With Oracle database 19c, Oracle introduced a feature that allows some DML done on standby database be redirected to the primary database and the shipped by archivelogs again to standby. Note, this is not recomended for usage with intense workloads, because of performance matters, use more, cpu, network and etc. Just mention this features for you follow up some improvements on the product on each version. Today we will talk about one more enhancement that make it easier DBA’s life time to time.
Sometimes, because of some hardware failures, human failures, bugs or even some reconfiguration, we need to recreate the standby database, and on Oracle 18c and onwards, Oracle has introduced a single RMAN command to performance the whole resynchronization from standby databases over network. I don’t need to tell you that is no suitable perform multi-terabyte database restoration over network, most of time (you can have a dedicated network to play with).
 
 
Benefits
 
  • Simplicity to create or recreate the standby database
  • Best control of the process
 
Scenario
 
  • Primary database: orclcdb
  • Standby database: orclstb
 
The primary database and also the standby are managed by Dataguard broker (DGMGRL), I like to use this command line utility to manage the Dataguard environments. It helps to perform all dataguard administration like switchover, configure and a lot more of tasks in a Dataguard environment, if you want to have more information about this incredible tool, please refer the official documentation on the link https://docs.oracle.com/en/database/oracle/oracle-database/19/dgbkr/index.html
 
 
Verification
 
As I mentioned before, using the command line interface from Dataguard Broker, we can use the command show configuration to display the configuration made by us, previously, in our case, on this Dataguard configuration we have the primary database orclcdb and also the standby database orclstb, we can have multiple standby databases and also ZDLRA registered on broker. We will cause some damage on standby database just to show how to solve it on this article, by removing a datafile, let’s say system01.dbf, just for fun.
              We can see on the imagem below, there are no problems there, like a gap or any other kind of issues, in this case, if we lose the primary database, the standby will be able to become the primary database with just a manual switchover. It is also possible to automate this task, by configuring Fast-Start Failover.

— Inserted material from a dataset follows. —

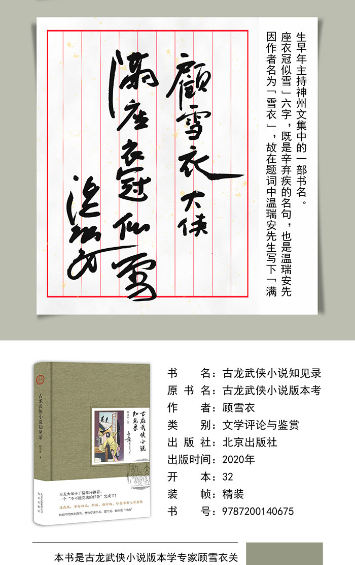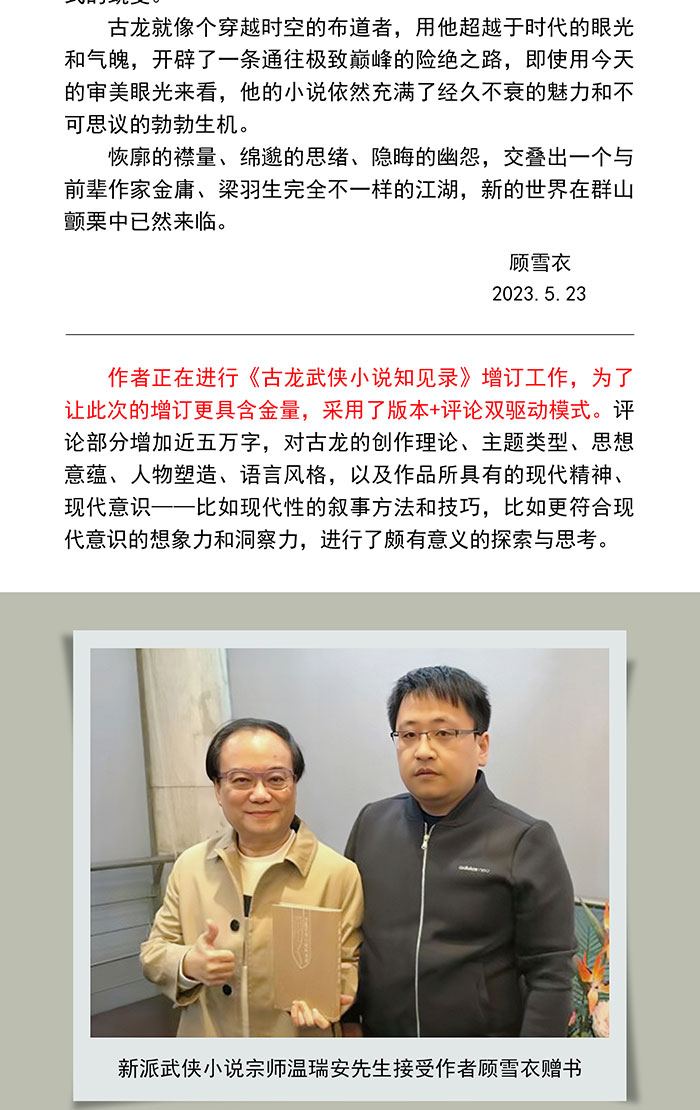 - ·顾雪衣《古龙武侠小说知见录》精装本已上市(1)

Causing some damage on standby

 

              On the follwoing image, we can verify all belonging datafiles from our standby database, where we will cause some damage and recover it just using recover standby database from service. The list below, shows all datafiles from our standby (orclstb)
Now, we will remove the main datafile on the standby, /u01/app/oracle/oradata/ORCLSTB/system01.dbf
As we expected, after remove, one of the datafiles on purpose, our environment crashed, look:

Disabling the apply on standby database

 

            Before to initiate with the recover process, from this standby database, we will neneed  stop the archivelog synchronization, to do that, we can use the commands below, to edit the state of the database within broker. If you don’t do that, we will face this error:

 

starting media recovery

media recovery failed

RMAN-00571: ===========================================================

RMAN-00569: =============== ERROR MESSAGE STACK FOLLOWS ===============

RMAN-00571: ===========================================================

RMAN-03002: failure of recover command at 01/19/2020 11:16:26

RMAN-03015: error occurred in stored script Memory Script

RMAN-11003: failure during parse/execution of SQL statement: alter database recover

 if needed standby start

ORA-01153: an incompatible media recovery is active


        As we can see, the command to stop apply on DGMGRL was issued, and now, no more error will happen.
            After stopping the recover, we just need to login on RMAN and issue the command recover standby database from service, as we can follow up on upcomming lines of this article:

 

[oracle@ora19c ~]$ rman target=sys/oracle@orclstb




Recovery Manager: Release 19.0.0.0.0 - Production on Sun Jan 19 11:27:59 2020

Version 19.3.0.0.0




Copyright (c) 1982, 2019, Oracle and/or its affiliates.  All rights reserved.




connected to target database: ORCLCDB (DBID=2780785463, not open)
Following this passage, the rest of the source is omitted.